I am running a gPPI for the first time and need to upsample my time series because the stimulus presentations were not locked to the TR. Aside from the example of a sub_TR of 0.1 s, is there a principled way to determine the length of a sub_TR?
It is also to allow for a more smooth sampling of data,
with the intention of making the PPI filtering being a
somewhat invertible operation, rather than having the
PPI filter heavily blur the BOLD signal.
Of course, this is from the perspective of a TR that
is much longer. For a short TR, that interval might
come down, too.
I had a similar problem. The functional scans were collected on a TR of 1.5. However, the stimulus times were not in TR times (e.g., 3, 155). I wanted to upsample the functional data to 1.5 so that the functional scans are in seconds. However, 1dupsample only allows for integers between 2 and 32. Is there another way to do this or an equivalent workaround? Your help is greatly appreciated.

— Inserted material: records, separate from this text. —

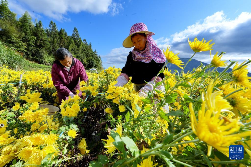 11月13日,福建武夷山市興田鎮城村村民在金絲皇菊種植基地采摘金絲皇菊。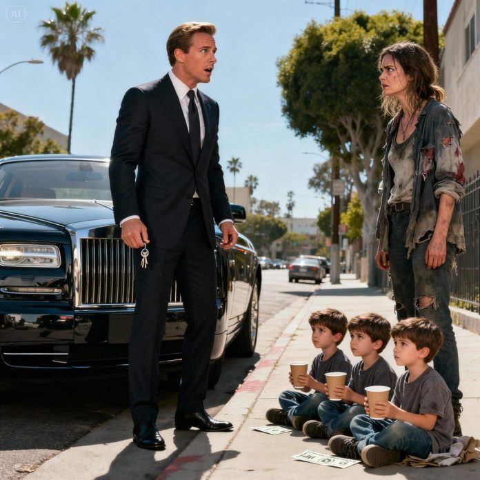 A millionaire discovered that his ex-girlfriend — the one he abandoned five years ago — was begging on the streets with triplets who looked exactly like him. “Are they my children?” he asked, but she said nothing, only gave him a look of contempt. The next day, he searched for her and the three kids in desperation…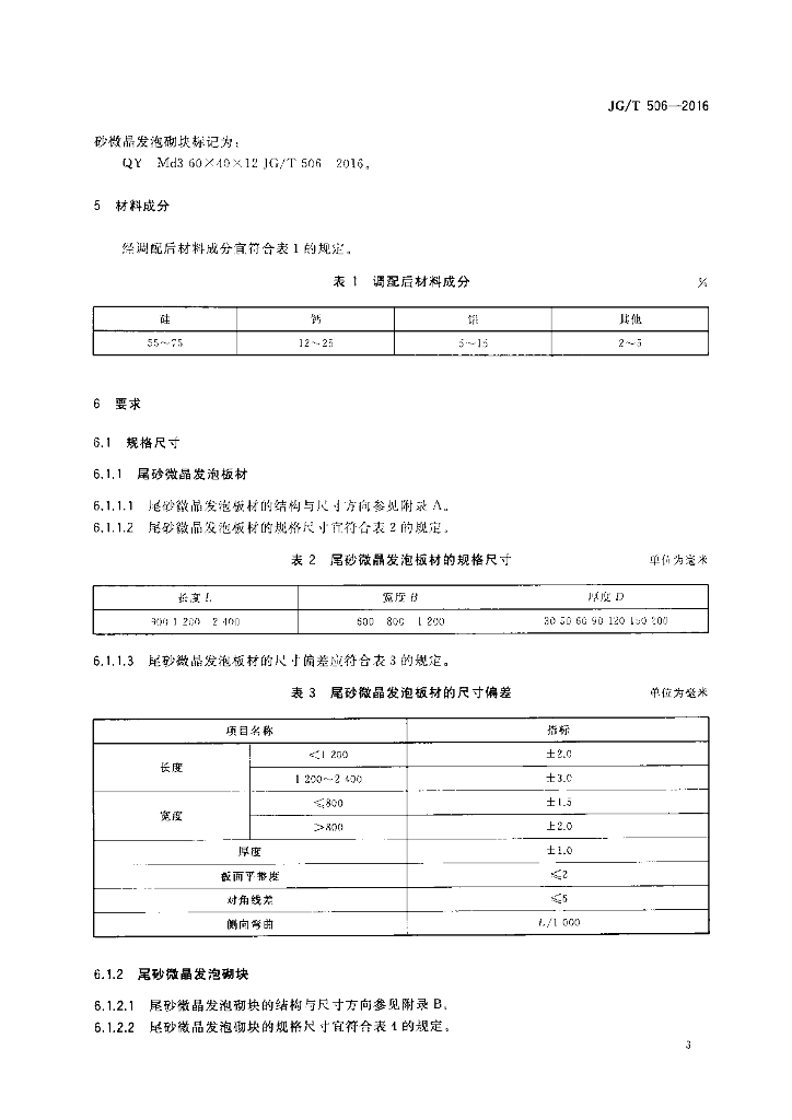 JG/T 506-2016 尾砂微晶发泡板材及砌块

To be sure, you just mean to upsample the seed time series, is
that right? It is not quite clear what your stimulus times were,
but I guess you mean they happened every 1.5 seconds. And
maybe that means your TR was bigger, like 2 s? How long
were the stimulus events?
On advantage of upsampling to 0.1 s is that it handles not
only event onsets that are not locked, but the durations, too.

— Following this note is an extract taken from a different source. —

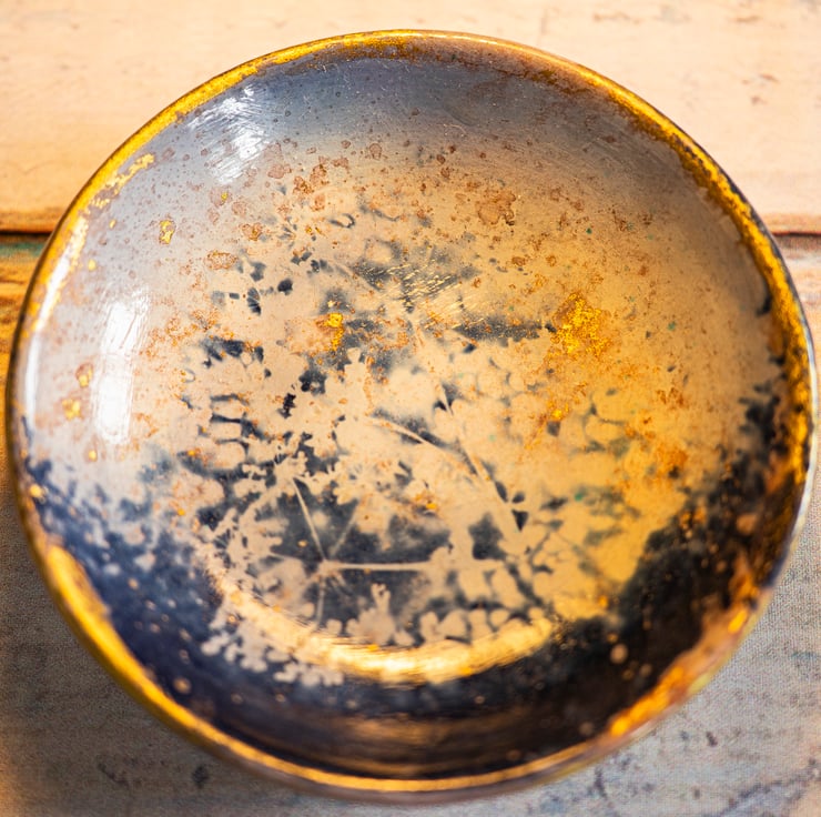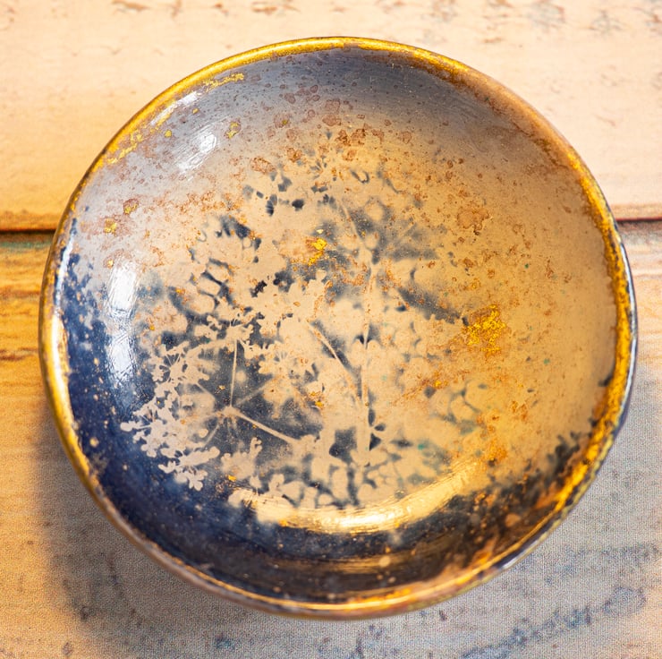 I used some sprinkles of sparkly gold ink and coarse sea salt in the wet cyanotype process. I also painted the rim with gold ink.

If the stimulus events happened at multiples of 1.5 s, but
the events were 0.2 s long, it does not really help to leave
the data on the 1.5 s grid.
In any case, you could oversample the seed time series
to 0.1 and then downsample to 1.5, if desired.
Sorry, I did mean upsampling the seed time series. The TR is 1.5s and number of time points/volumes is 260; however, the stimuli onsets and durations occur outside of the TR. For example, the stimuli onset times are 5, 60, 115, 145, 200, 255, 285, and 340 seconds (total of 390 sec); and the stimulus durations are 25 seconds for the stimulus that occurs at 115 and 255 seconds and the duration is 50 seconds for the remainder of the stimuli. I hope that is more clear.
If I am understanding your advice about oversampling correctly, I think that upsampling by a factor of 3 (sub_TR of .5) and multiplying the stim times by 2 should do the trick? I tried this method and it appears to be working with matching 780-time points in the seed time series, stim file, and interaction files before downsampling back down to 260-time points again.